他是想要为某些而活着,但绝不是这样的活着。
哪怕痛苦的短暂苟活着,也绝不能遗忘一切的度过后半生。
这比死还不如。
尝试过,挣扎过,所以项易霖还是决定不治了。
不再强行治疗。
任他的病,他的念,永存下去,与他伴生到死。
他没告诉任何人,他的痛苦,也不该再让任何人替他分担承受。
有些深夜,因为严重戒药反应而导致剧烈疼痛的时候,他都只是一个人坐在那个小小的沙发上,面对着一堆旧物,听着电视机里响起的熟悉声音,额头忍痛的青筋暴起,他强忍着不去做出伤害自己的反应。

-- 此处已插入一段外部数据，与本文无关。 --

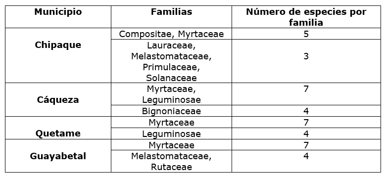 Las principales familias botánicas identificadas corresponden a Myrtaceae, Oleaceae, Melastomataceae, Lauraceae, Leguminosae, Cupressaceae, Cunoniaceae y Compositae, que representan el 67,19 % de los individuos vegetales (2.247 individuos) encontrados en las 32 fincas inventariadas. En el Cuadro 8 se señalan las principales familias botánicas en cada uno de los municipios; siendo la familia Myrtaceae es la más representativa con cerca 33,88 % de los individuos arbóreos inventariados (1.133)

强忍着,不再让如果再有许妍去触碰他手臂时,有更多的丑陋恶心的东西被她看到。
电视机里,屏幕在摇摇晃晃,像少女的心跳。
她镜头里的那个人,清俊、安静,沉默寡言。
在她的镜头下,有了她的影子。
她的温柔和纯真如浪潮,不加丝毫掩饰,带着最赤诚滚烫的真心,从屏幕里扑面而来,烫他的身,灼他的心。
反反复复,不断折磨,至死不休。
项易霖艰难地喘息着,在黑暗中大汗淋漓,痛苦不断。
那明明是那么阳光明媚的一天。
只要拉开遮光的窗帘,就能看见外面阳光布满的样子。
是他自己不肯。
一直都是他自己把自己困在这里而已。
始终告诫自己,不能忘,不要忘,不想忘。